In 2006, Atina Diffley received a letter stating that a Koch subsidiary oil pipeline was going to cut through her organic farm, leading to no more than 12 inches of topsoil erosion. Ms. Diffley, together with her husband Martin, had just spent the past 15 years rebuilding the farm’s soil that had been previously damaged by chemicals.
The Diffleys resolved to take action to save their farm, which served over 75,000 Twin Cities natural food co-op members. The task was daunting—not only did they have to pore through binders of paperwork coated in legal jargon, but finding a lawyer to represent them against the Kochs was next to impossible.
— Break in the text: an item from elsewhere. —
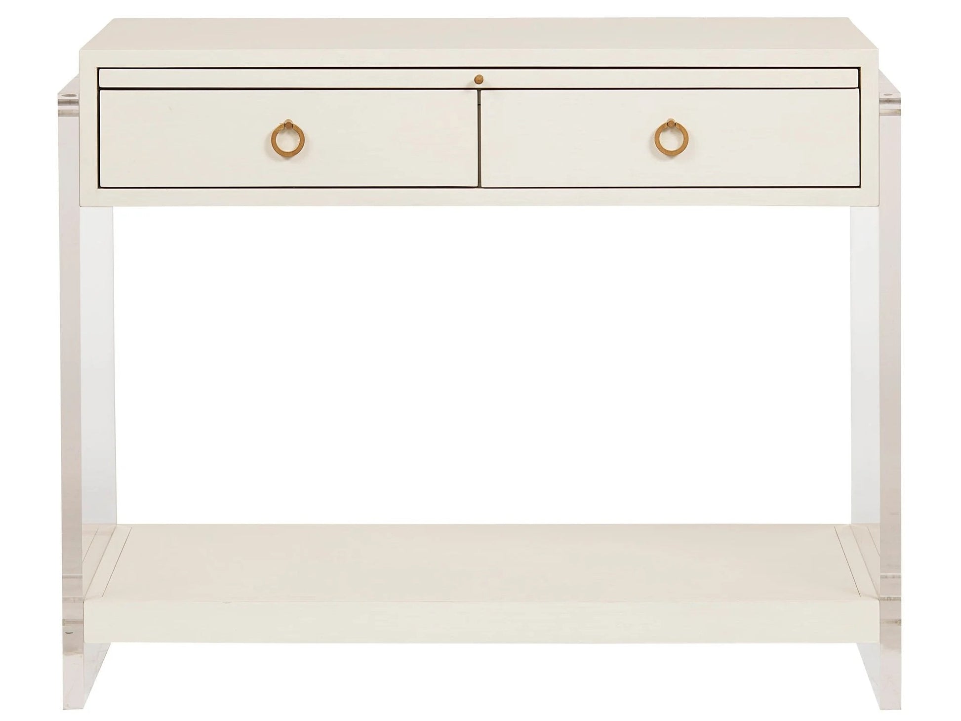 Showcasing classic coastal style with a modern twist, the Belize Nightstand brings a lightness to spaces with two drawers, open-air storage, gold ring pulls, and as-sleek-as-can-be acrylic ends complemented by a white finish56W X 26D X 30H

Office after office gave Atina the same response: they had a conflict of interest, all either having worked for Koch or represented one of their subsidiaries in the past.
Atina eventually found an environmental lawyer, Paul Maccabee, who helped them file a suit to stop the pipeline from being built on their farm. With the help of Maccabee and other lawyers, the Minnesota Department of Agriculture, and over 4,500 individuals who wrote letters of support, they were successful.
They were even able to prevent future pipelines, and any public utility in the state of Minnesota, from destroying organic farmland. The Organic Mitigation Plan they put into effect ensured protection by requiring that anyone who intended to build a pipeline across an organic farm follow tedious procedures that would make it financially unviable.